Print out the entries from the line containing "2月17日 06:24 |" through the last line, exactly, and print nothing else. Pictures are not copied.

====================

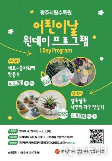 김희석 수목원·정원사업소장은 “어린이날을 맞아 아이들이 자연 속에서 즐겁게 식물과 친해질 수 있도록 프로그램을 준비했다”며 “가족이 함께 체험활동을 하며 의미 있는 시간을 보내길 바란다”고 말했다.
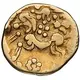 | Descrizione del rovescio | Celticized horse left, stylized charioteer above, flower symbol below. |
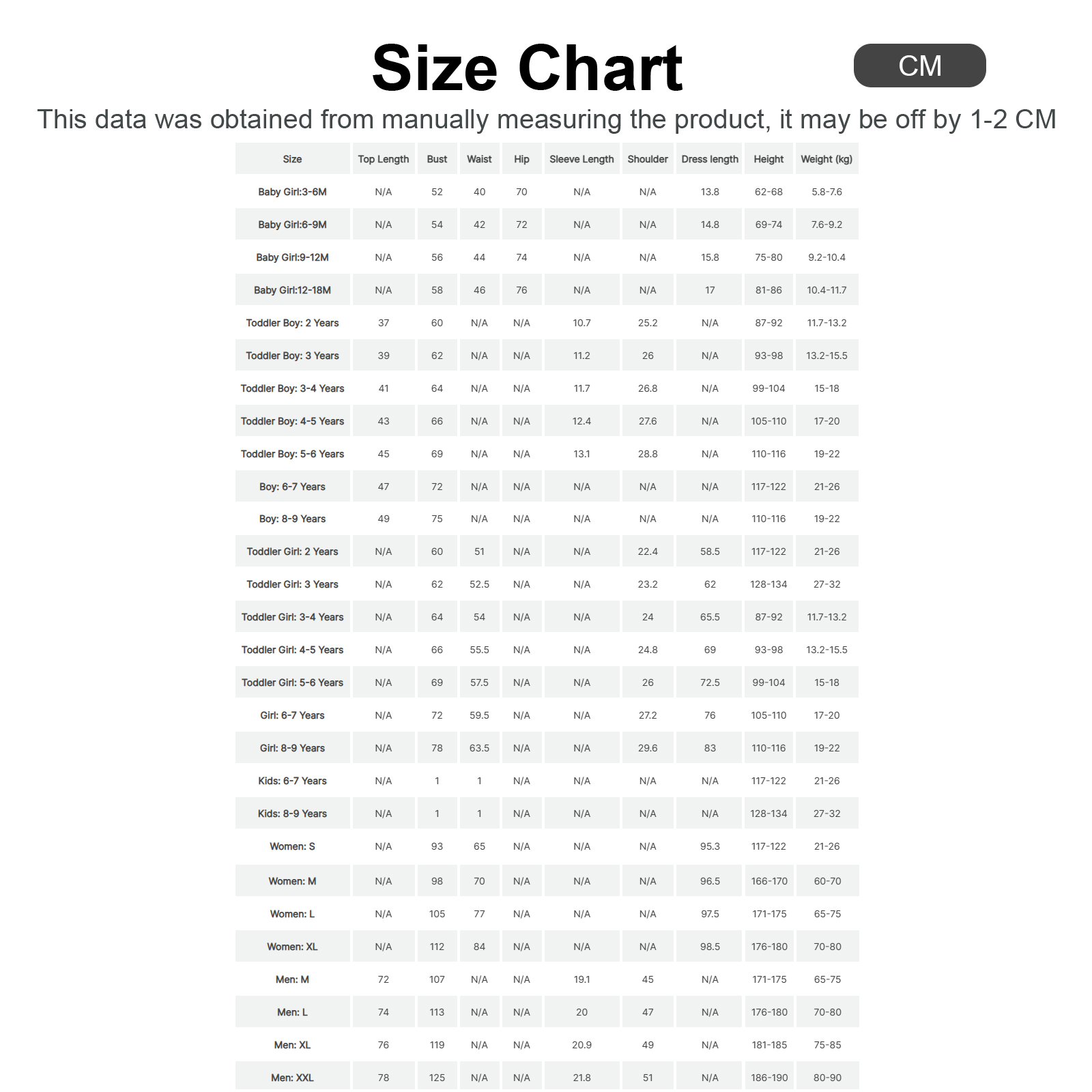 * Каждый размер включает в себя: 1 платье или 1 комбинезон или 1 Топ
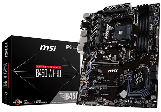 MSI B450-A PRO, Socket AM4, AMD B450, Dual 4xDDR4-3466, APU AMD graphics, DVI, HDMI, 2xPCIe X16, 6xSATA3, RAID, 1xM.2 slot, 4xPCIe X1, ALC892 7.1ch HDA, GbE LAN, 2xUSB3.1 Gen 2, 2xUSB3.1, RGB Mystic Light, ATX
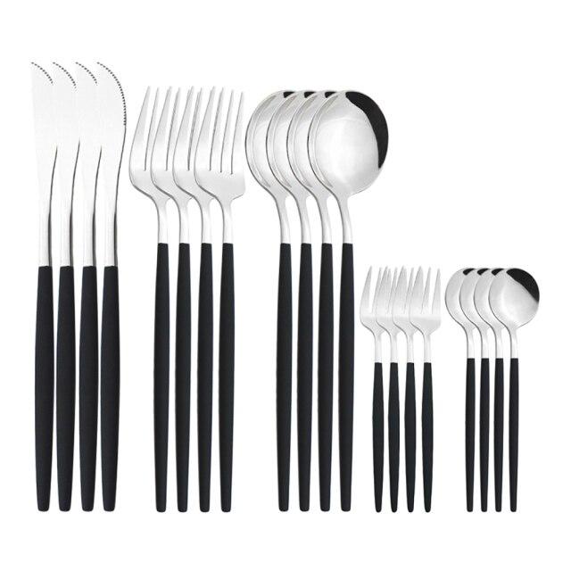 Зеркальный золотой набор столовых приборов Ножи Вилки для торта Фрукты Кофейная ложка Столовое серебро Посуда Столовая посуда из нержавеющей стали Набор столовых приборов чёрный/серебряный
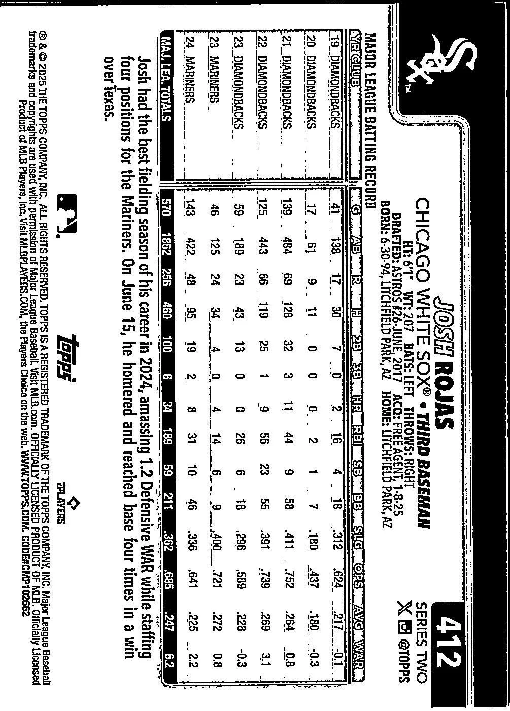 This is a nice example of a 2025 Topps #412 Josh Rojas
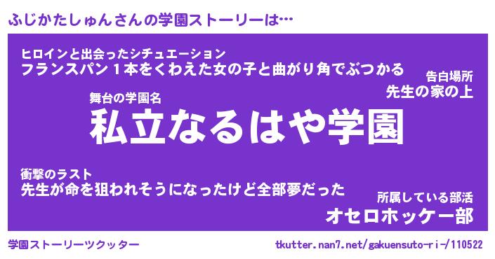 | 告白場所 先生の家の上 …「ふぃぎゅこ」 | 2月17日 06:24 |
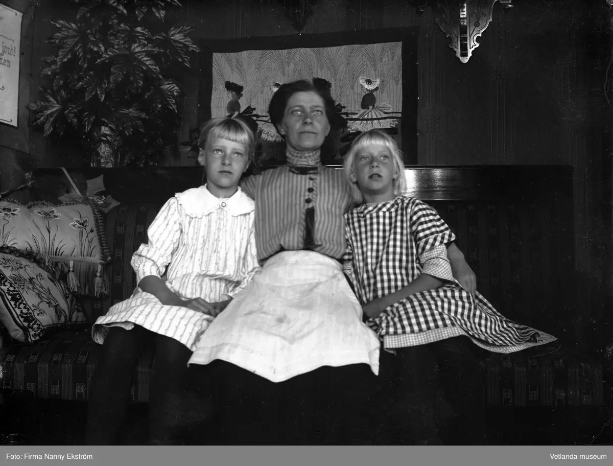 Kvinna flankerad av två barn.

====================

* [Answer box]
 | 告白場所 先生の家の上 …「ふぃぎゅこ」 | 2月17日 06:24 |
 Kvinna flankerad av två barn.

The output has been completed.